#### [SOURCE MATERIAL]
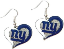 New* New York Giants NFL Silver Swirl Heart Dangle Earrings Non-Allergenic GMEN
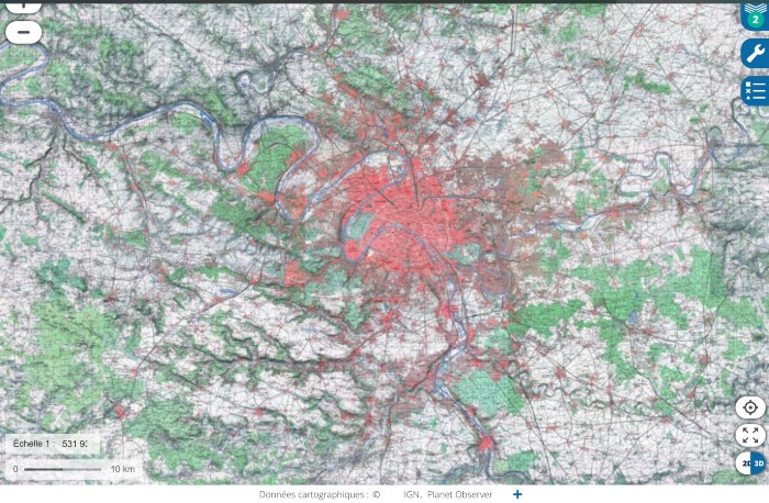 L’étalement urbain, c’est un sujet dont on peut mesurer l’ampleur via ces visuels en région parisienne (2022 VS 1950).
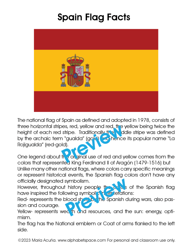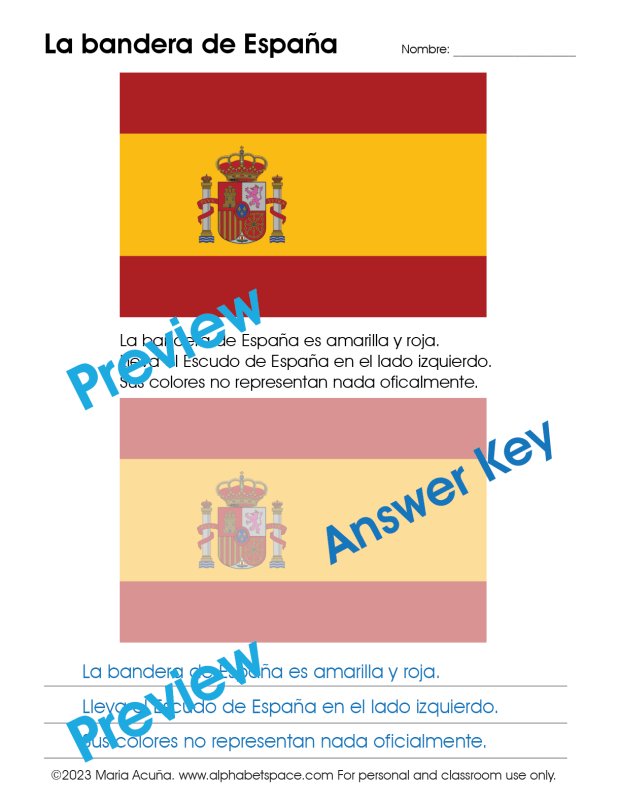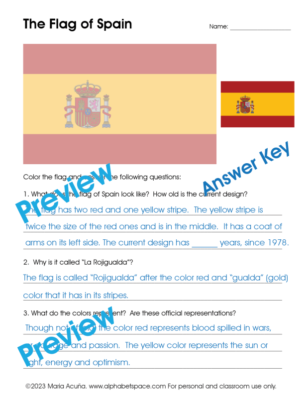 HERE is a packet I created about the flag of Spain that is bilingual and covers information about the flag for any learner from Kindergarten to Middle School. Here you can find the Spanish version of the previous worksheet. I have used it with my students from first and second grade. See the following preview:

#### [PROBLEM]
Pictures are to be left out. Otherwise, copy the material above exactly.

#### [WRITTEN REPLY]
 New* New York Giants NFL Silver Swirl Heart Dangle Earrings Non-Allergenic GMEN
 L’étalement urbain, c’est un sujet dont on peut mesurer l’ampleur via ces visuels en région parisienne (2022 VS 1950).
 HERE is a packet I created about the flag of Spain that is bilingual and covers information about the flag for any learner from Kindergarten to Middle School. Here you can find the Spanish version of the previous worksheet. I have used it with my students from first and second grade. See the following preview:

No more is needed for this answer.